_WHAT YOU SHOULD DO_:
An exact, complete copy of the data is all that is needed.

(Items from a dataset)
○ ○ ○ ○

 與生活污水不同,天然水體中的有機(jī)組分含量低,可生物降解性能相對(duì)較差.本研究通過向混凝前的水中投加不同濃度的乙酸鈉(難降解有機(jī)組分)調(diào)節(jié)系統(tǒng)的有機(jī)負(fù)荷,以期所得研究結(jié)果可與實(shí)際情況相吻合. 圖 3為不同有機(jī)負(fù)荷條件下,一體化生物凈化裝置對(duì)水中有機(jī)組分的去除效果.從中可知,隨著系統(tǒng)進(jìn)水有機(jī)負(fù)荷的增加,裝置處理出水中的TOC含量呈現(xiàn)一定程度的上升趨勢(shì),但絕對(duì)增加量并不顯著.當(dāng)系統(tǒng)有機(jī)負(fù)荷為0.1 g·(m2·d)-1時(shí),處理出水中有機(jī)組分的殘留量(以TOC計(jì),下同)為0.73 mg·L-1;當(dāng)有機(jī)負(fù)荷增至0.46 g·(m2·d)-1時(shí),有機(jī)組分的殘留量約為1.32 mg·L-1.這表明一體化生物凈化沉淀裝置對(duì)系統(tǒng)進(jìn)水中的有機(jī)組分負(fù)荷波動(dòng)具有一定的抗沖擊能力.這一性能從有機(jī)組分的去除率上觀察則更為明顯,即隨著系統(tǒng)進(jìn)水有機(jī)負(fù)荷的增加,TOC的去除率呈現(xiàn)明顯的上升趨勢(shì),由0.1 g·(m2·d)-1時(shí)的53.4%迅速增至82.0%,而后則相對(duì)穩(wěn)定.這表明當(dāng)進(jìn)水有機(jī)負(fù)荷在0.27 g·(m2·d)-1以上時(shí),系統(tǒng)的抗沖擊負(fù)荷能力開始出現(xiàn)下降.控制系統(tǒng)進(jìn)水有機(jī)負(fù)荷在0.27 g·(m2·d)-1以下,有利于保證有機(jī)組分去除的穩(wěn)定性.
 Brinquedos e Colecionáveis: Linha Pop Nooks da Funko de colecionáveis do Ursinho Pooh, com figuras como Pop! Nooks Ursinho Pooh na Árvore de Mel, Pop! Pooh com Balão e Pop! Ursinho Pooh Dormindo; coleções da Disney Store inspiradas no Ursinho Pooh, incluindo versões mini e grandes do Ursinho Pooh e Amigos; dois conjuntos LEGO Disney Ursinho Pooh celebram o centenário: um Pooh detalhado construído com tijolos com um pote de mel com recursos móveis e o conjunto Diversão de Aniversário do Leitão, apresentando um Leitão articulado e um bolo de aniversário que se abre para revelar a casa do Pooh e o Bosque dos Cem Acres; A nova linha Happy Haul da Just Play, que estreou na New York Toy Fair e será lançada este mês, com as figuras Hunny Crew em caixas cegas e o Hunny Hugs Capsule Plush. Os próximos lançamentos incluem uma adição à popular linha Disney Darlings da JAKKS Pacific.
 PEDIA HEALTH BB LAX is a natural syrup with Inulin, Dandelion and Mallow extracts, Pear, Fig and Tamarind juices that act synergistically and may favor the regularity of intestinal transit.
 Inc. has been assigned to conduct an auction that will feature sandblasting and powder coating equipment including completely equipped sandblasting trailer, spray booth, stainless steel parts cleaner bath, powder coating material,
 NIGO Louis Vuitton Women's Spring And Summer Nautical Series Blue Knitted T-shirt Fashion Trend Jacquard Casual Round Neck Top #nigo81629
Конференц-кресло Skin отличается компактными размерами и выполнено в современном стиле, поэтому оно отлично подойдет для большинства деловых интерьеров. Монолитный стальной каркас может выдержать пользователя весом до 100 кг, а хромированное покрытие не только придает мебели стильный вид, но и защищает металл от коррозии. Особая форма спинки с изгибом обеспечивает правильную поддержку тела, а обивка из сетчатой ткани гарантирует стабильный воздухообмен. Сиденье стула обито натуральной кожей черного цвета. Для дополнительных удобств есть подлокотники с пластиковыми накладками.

○ ○ ○ ○

_RESULT OF THIS TASK_:
 與生活污水不同,天然水體中的有機(jī)組分含量低,可生物降解性能相對(duì)較差.本研究通過向混凝前的水中投加不同濃度的乙酸鈉(難降解有機(jī)組分)調(diào)節(jié)系統(tǒng)的有機(jī)負(fù)荷,以期所得研究結(jié)果可與實(shí)際情況相吻合. 圖 3為不同有機(jī)負(fù)荷條件下,一體化生物凈化裝置對(duì)水中有機(jī)組分的去除效果.從中可知,隨著系統(tǒng)進(jìn)水有機(jī)負(fù)荷的增加,裝置處理出水中的TOC含量呈現(xiàn)一定程度的上升趨勢(shì),但絕對(duì)增加量并不顯著.當(dāng)系統(tǒng)有機(jī)負(fù)荷為0.1 g·(m2·d)-1時(shí),處理出水中有機(jī)組分的殘留量(以TOC計(jì),下同)為0.73 mg·L-1;當(dāng)有機(jī)負(fù)荷增至0.46 g·(m2·d)-1時(shí),有機(jī)組分的殘留量約為1.32 mg·L-1.這表明一體化生物凈化沉淀裝置對(duì)系統(tǒng)進(jìn)水中的有機(jī)組分負(fù)荷波動(dòng)具有一定的抗沖擊能力.這一性能從有機(jī)組分的去除率上觀察則更為明顯,即隨著系統(tǒng)進(jìn)水有機(jī)負(fù)荷的增加,TOC的去除率呈現(xiàn)明顯的上升趨勢(shì),由0.1 g·(m2·d)-1時(shí)的53.4%迅速增至82.0%,而后則相對(duì)穩(wěn)定.這表明當(dāng)進(jìn)水有機(jī)負(fù)荷在0.27 g·(m2·d)-1以上時(shí),系統(tǒng)的抗沖擊負(fù)荷能力開始出現(xiàn)下降.控制系統(tǒng)進(jìn)水有機(jī)負(fù)荷在0.27 g·(m2·d)-1以下,有利于保證有機(jī)組分去除的穩(wěn)定性.
 Brinquedos e Colecionáveis: Linha Pop Nooks da Funko de colecionáveis do Ursinho Pooh, com figuras como Pop! Nooks Ursinho Pooh na Árvore de Mel, Pop! Pooh com Balão e Pop! Ursinho Pooh Dormindo; coleções da Disney Store inspiradas no Ursinho Pooh, incluindo versões mini e grandes do Ursinho Pooh e Amigos; dois conjuntos LEGO Disney Ursinho Pooh celebram o centenário: um Pooh detalhado construído com tijolos com um pote de mel com recursos móveis e o conjunto Diversão de Aniversário do Leitão, apresentando um Leitão articulado e um bolo de aniversário que se abre para revelar a casa do Pooh e o Bosque dos Cem Acres; A nova linha Happy Haul da Just Play, que estreou na New York Toy Fair e será lançada este mês, com as figuras Hunny Crew em caixas cegas e o Hunny Hugs Capsule Plush. Os próximos lançamentos incluem uma adição à popular linha Disney Darlings da JAKKS Pacific.
 PEDIA HEALTH BB LAX is a natural syrup with Inulin, Dandelion and Mallow extracts, Pear, Fig and Tamarind juices that act synergistically and may favor the regularity of intestinal transit.
 Inc. has been assigned to conduct an auction that will feature sandblasting and powder coating equipment including completely equipped sandblasting trailer, spray booth, stainless steel parts cleaner bath, powder coating material,
 NIGO Louis Vuitton Women's Spring And Summer Nautical Series Blue Knitted T-shirt Fashion Trend Jacquard Casual Round Neck Top #nigo81629
Конференц-кресло Skin отличается компактными размерами и выполнено в современном стиле, поэтому оно отлично подойдет для большинства деловых интерьеров. Монолитный стальной каркас может выдержать пользователя весом до 100 кг, а хромированное покрытие не только придает мебели стильный вид, но и защищает металл от коррозии. Особая форма спинки с изгибом обеспечивает правильную поддержку тела, а обивка из сетчатой ткани гарантирует стабильный воздухообмен. Сиденье стула обито натуральной кожей черного цвета. Для дополнительных удобств есть подлокотники с пластиковыми накладками.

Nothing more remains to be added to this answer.